> Data provided
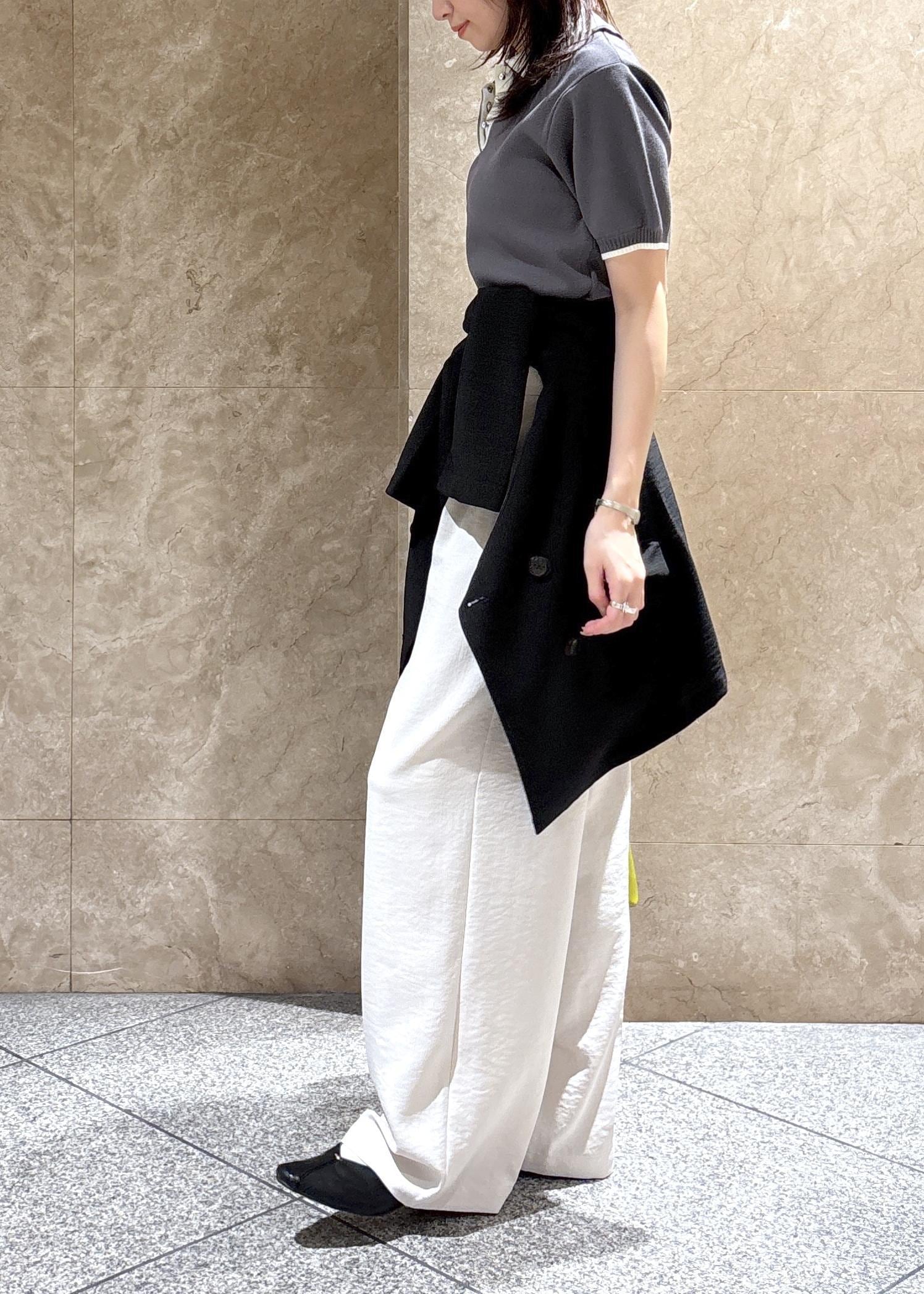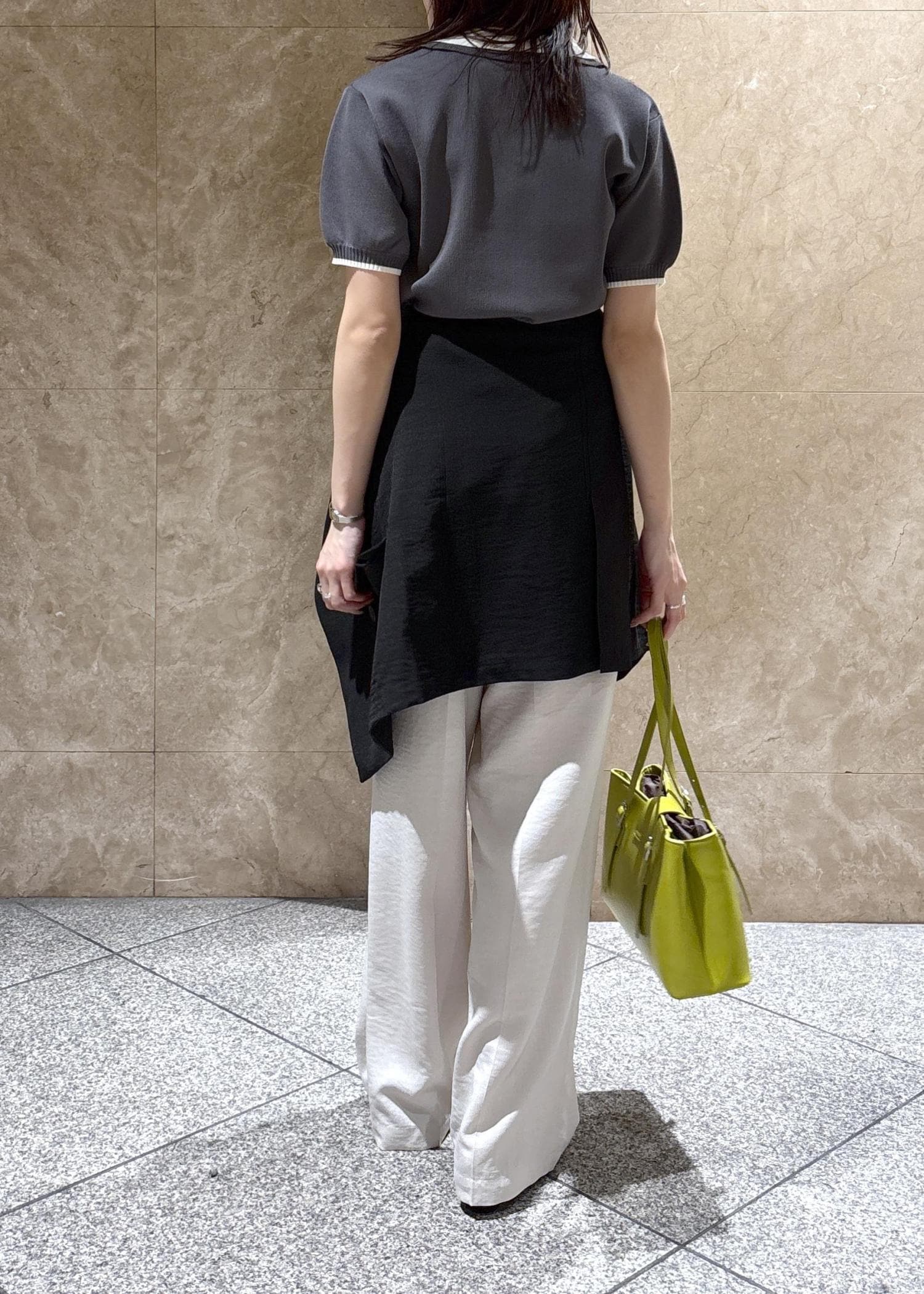 着丈はしっかりハイウエストで履くと踵が隠れる長さでフラットシューズでも下につかないくらいの長さです。 -
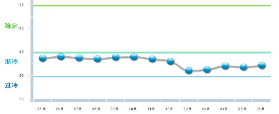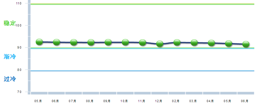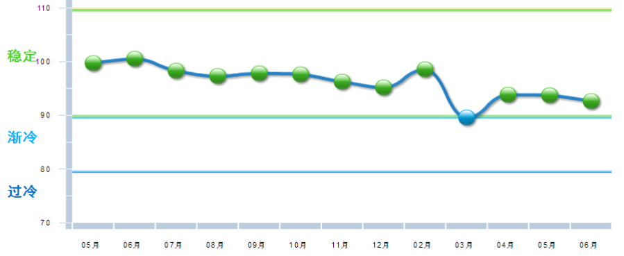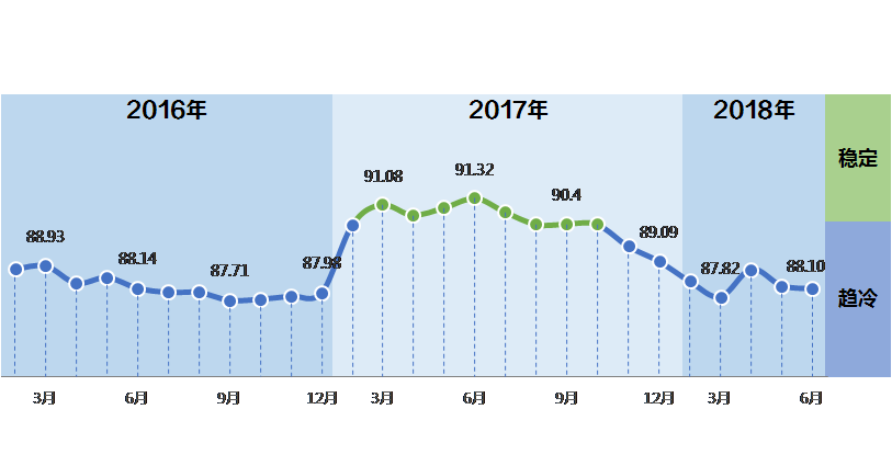 中国轻工业经济运行及预测预警系统数据显示:2018年开年,中轻景气指数延续去年四季度以来的下降态势,连续6个月在蓝色“趋冷”区间波动,6月中轻景气指数为88.10,环比5月下降0.11点。
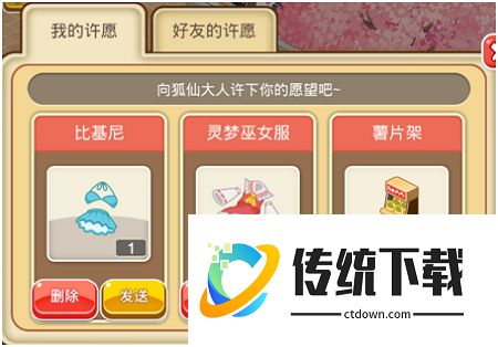 4、祈愿送礼 谨以此献上我最诚挚的爱意古语有“礼尚往来”,虽然说的不是一回事,断个章取个义依然也合乎几分理。礼轻情意在,别人送的和自己买的总归不太一样,就算只是个两毛钱的小摆设,收到后也让人兴奋不已。若是迫不及待想要得到基友的礼物,也可以向狐仙大人祈愿,其他人看到后说不定就会来满足你啦。若是回赠好友的礼物,还可以顺带捎上一封爱意满满的情书,让对方也感受到你的心意哦。
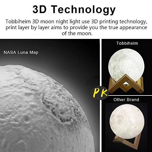 -. Title : Tobbiheim 5.1 Inch Night Light LED 3D Printing Moon Lamp, Touch Sensor LED Warm and Cool White Dimmable Touch Control Brightness with USB Charging, Rechargeable Home Decorative Novelty Lunar Light
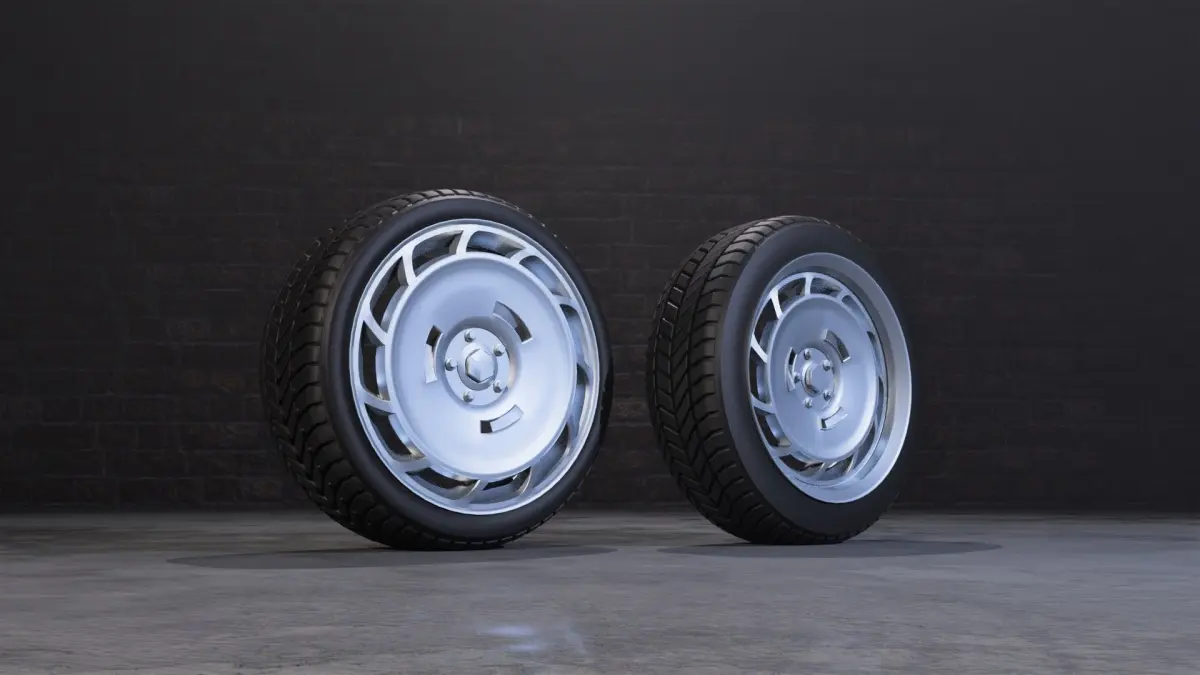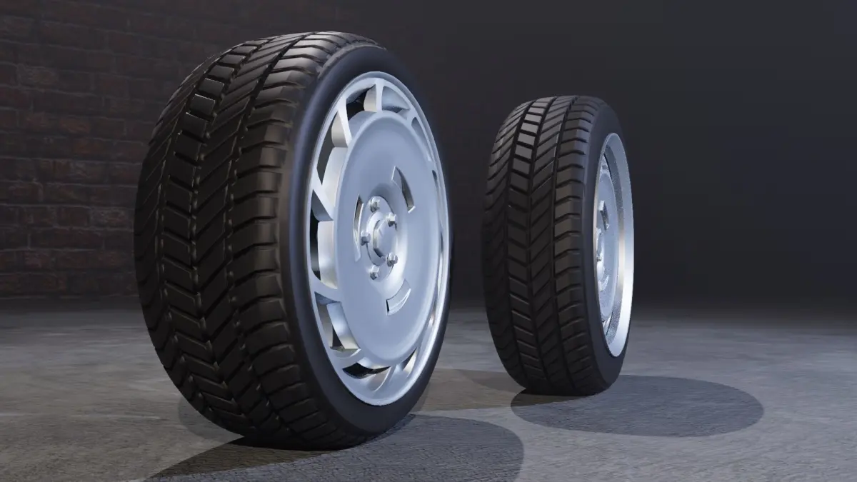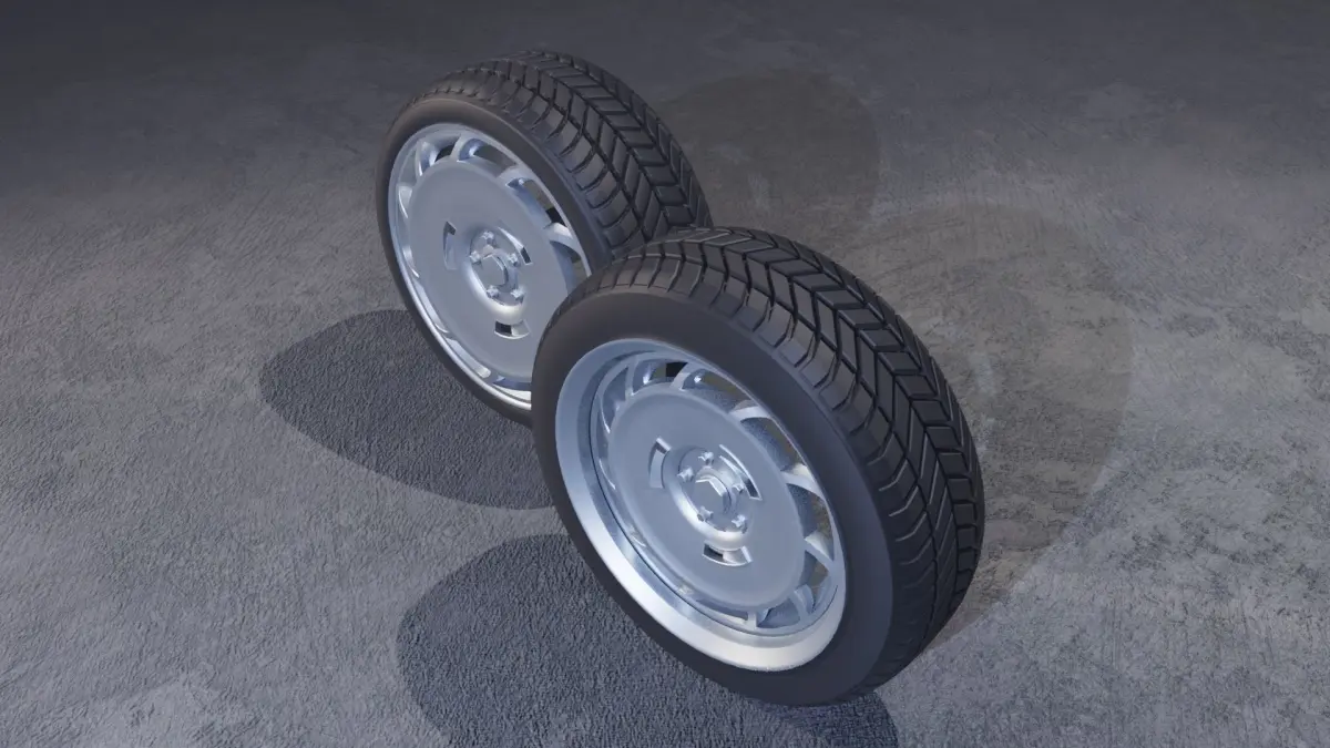 - Model has 1 predescribed material for a rim and 1 predescribed material for a tire
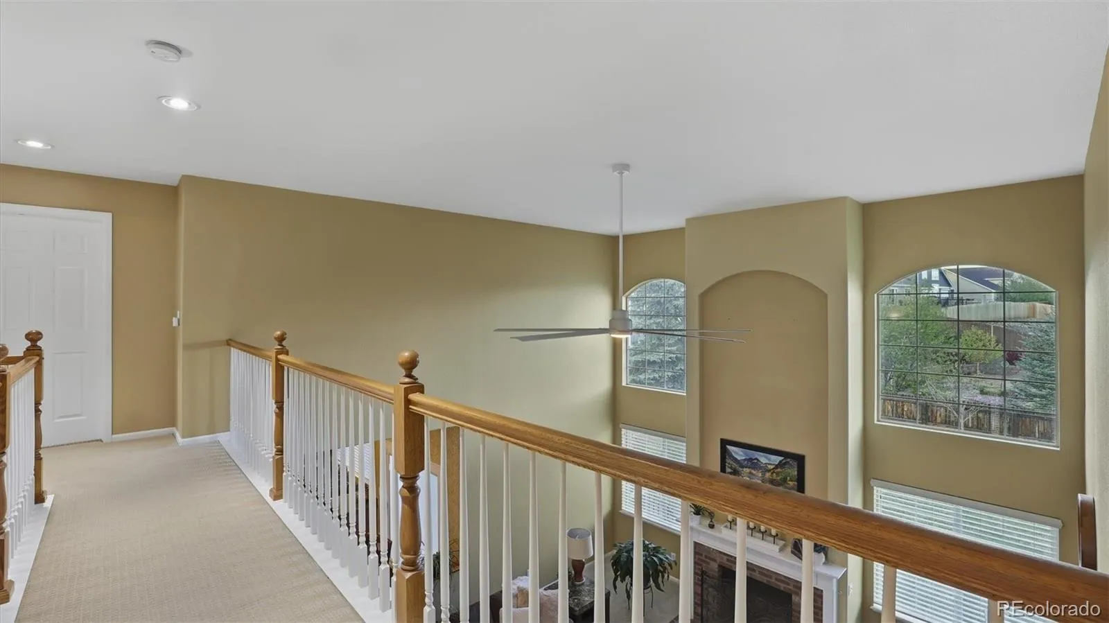 Beautifully maintained 4BR, 3BA, 2-story home nestled on a fully fenced 0.23-acre lot in the desirable Heights at Spring Ranch. This has outstanding curb appeal, showcasing a charming blend of brick & wood siding complemented by a Class 4 composite shingle roof, & low-maintenance landscaping. Inside, you’ll find warm wood floors flowing through the entry, dining rm, & kitchen, & window blinds throughout. NEW HE furnace & central air. The formal Living Rm offers peaceful front yard views & neutral carpeting, while the Dining Rm features a bay window & chandelier. The inviting Family Rm seamlessly connects to the Kitchen & impresses with soaring ceilings, a wall of windows, a lighted ceiling fan, & cozy fireplace with brick surround. The Island Kitchen is designed for both function & style, offering abundant wood cabinetry, generous counterspace, & a convenient planning desk. Enjoy casual meals in the Breakfast Nook, complete with walk-out access to the backyard deck & easy entry from the garage. Appliances incl a cooktop, double ovens, microwave, & French door refrigerator. A dedicated Home Office & adjacent Powder Bath provide the ideal setup for remote work. Upstairs, you’ll find a convenient Laundry Rm, 4 spacious BRs with neutral carpet & ceiling fans, & two full baths. The vaulted Primary Suite, accessed through double doors, features a walk-in closet & an adjoining Shower Bathroom with dual sinks & an enclosed tiled shower. 3 addtl BRs, two with walk-in closets, share a Full Bath with vanity & tub/shower. The unfinished 1,425 sq ft basement offers incredible potential for future expansion tailored to your needs. Step outside to a backyard designed for enjoyment, complete with a deck & pergola, gas stub for BBQ, NEW hot tub, playset, & storage shed. Conveniently located near shopping, dining, & entertainment along the Powers Corridor, this vibrant community also offers parks, trails, & open spaces. This exceptional home is waiting for you to call it your own!
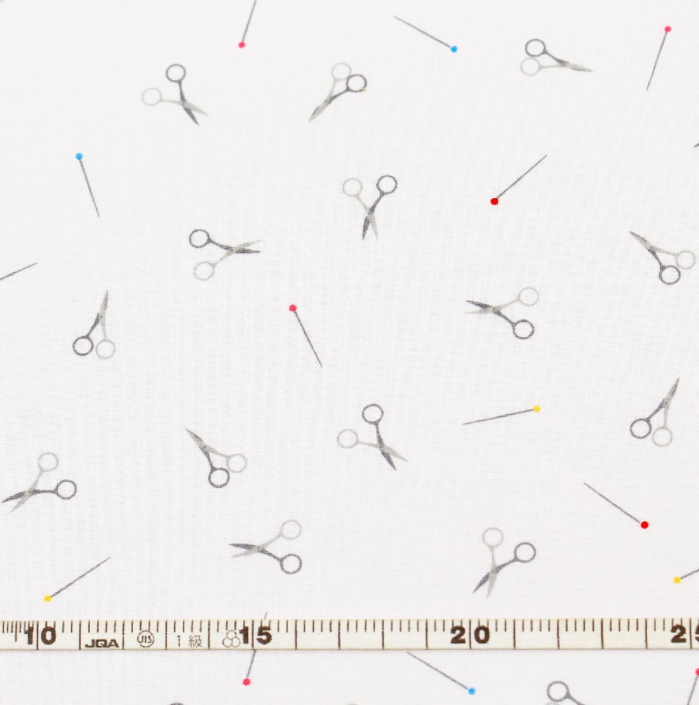 小さなハサミとまち針の柄 byフリースピリット 約110×60cm
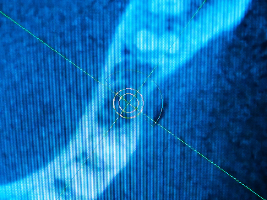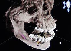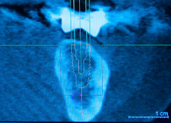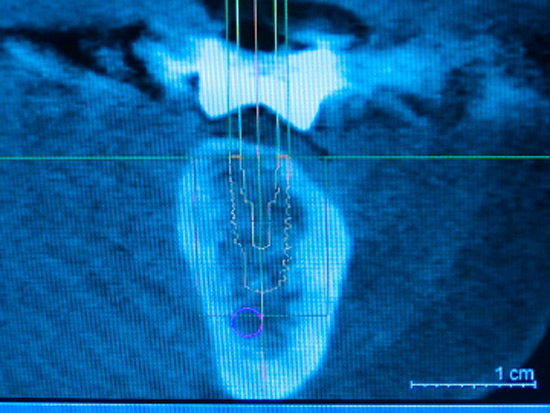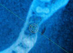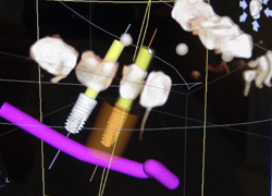 Implantate sind aus der heutigen Zahnmedizin nicht mehr wegzudenken. Dabei wird eine künstliche Zahnwurzel (aus Titan oder Keramik) in Form einer Schraube im Kiefer verankert. Der absolut schmerzfreien Bohrung geht natürlich eine ausführliche Diagnostik voraus, denn es gilt Nervensträngen, Kiefer- oder Nasennebenhöhlen sowie eventuell stark ausladenden Wurzeln von Nachbarzähnen auszuweichen. Die übliche Basis einer jeden Implantation vorausgehenden Machbarkeitsstudie ist dabei die zweidimensionale Röntgenaufnahme, insbesondere das sogenannte Orthopantomogramm (OPG). Indem man Schablonen in bekannter Größe mitröntgt, wird es per Dreisatzrechnung möglich, zumindest zweidimensional das Platzangebot für ein Implantat auszurechnen.
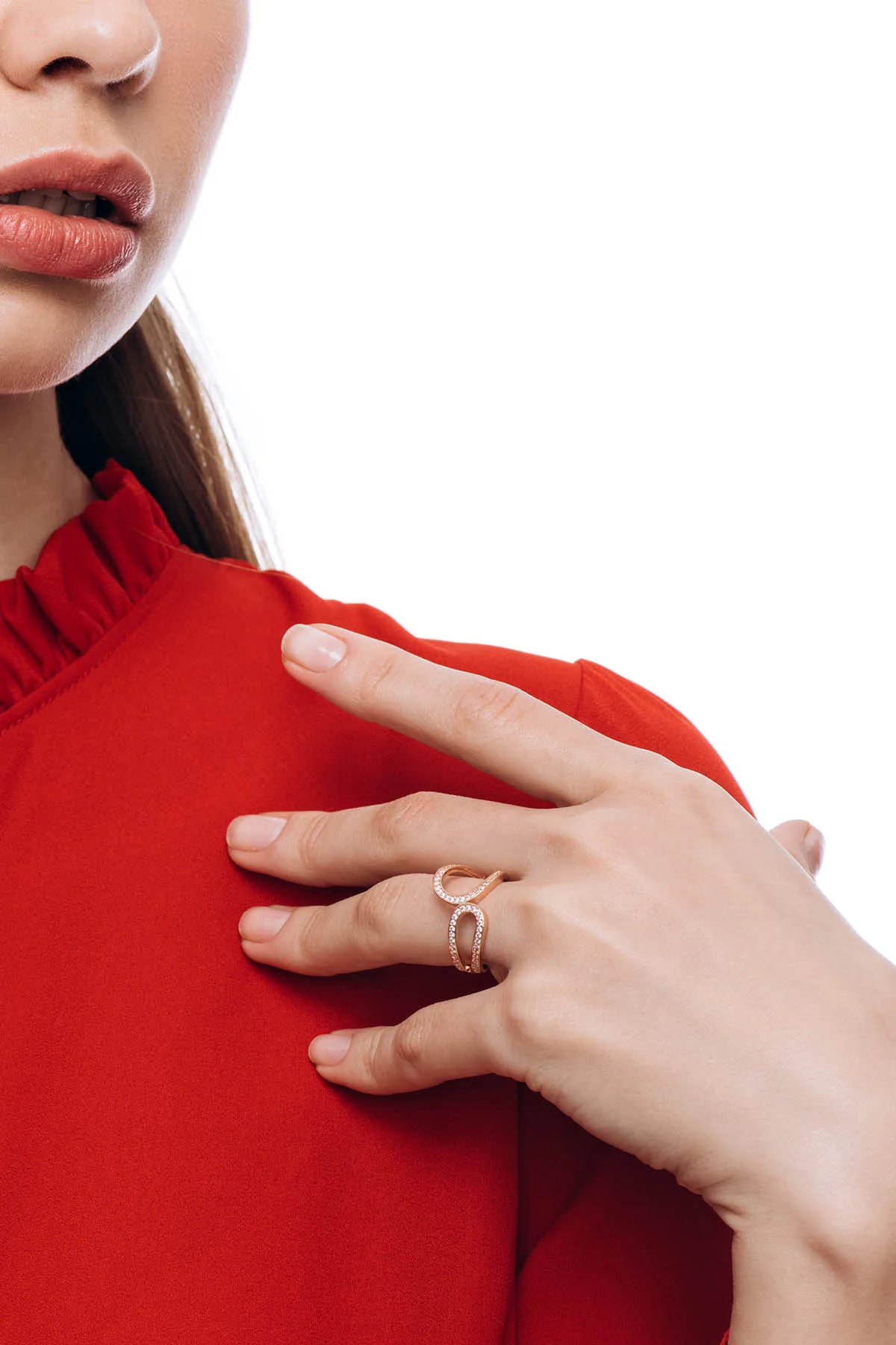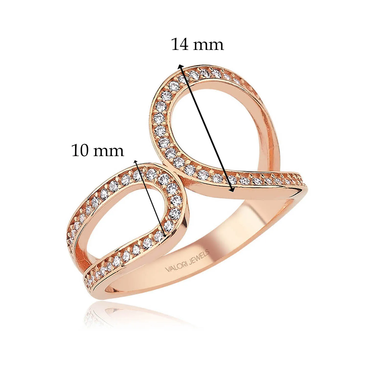 Особый дизайн, кольцо из серебра с цирконием и белым драгоценным камнем, розовое золото

> Goal of the exercise
Take the lines from the start of the listing above through the line with "- Model has", both ends included, and copy them exactly, leaving the pictures behind.

> Task answer
 着丈はしっかりハイウエストで履くと踵が隠れる長さでフラットシューズでも下につかないくらいの長さです。 -
 中国轻工业经济运行及预测预警系统数据显示:2018年开年,中轻景气指数延续去年四季度以来的下降态势,连续6个月在蓝色“趋冷”区间波动,6月中轻景气指数为88.10,环比5月下降0.11点。
 4、祈愿送礼 谨以此献上我最诚挚的爱意古语有“礼尚往来”,虽然说的不是一回事,断个章取个义依然也合乎几分理。礼轻情意在,别人送的和自己买的总归不太一样,就算只是个两毛钱的小摆设,收到后也让人兴奋不已。若是迫不及待想要得到基友的礼物,也可以向狐仙大人祈愿,其他人看到后说不定就会来满足你啦。若是回赠好友的礼物,还可以顺带捎上一封爱意满满的情书,让对方也感受到你的心意哦。
 -. Title : Tobbiheim 5.1 Inch Night Light LED 3D Printing Moon Lamp, Touch Sensor LED Warm and Cool White Dimmable Touch Control Brightness with USB Charging, Rechargeable Home Decorative Novelty Lunar Light
 - Model has 1 predescribed material for a rim and 1 predescribed material for a tire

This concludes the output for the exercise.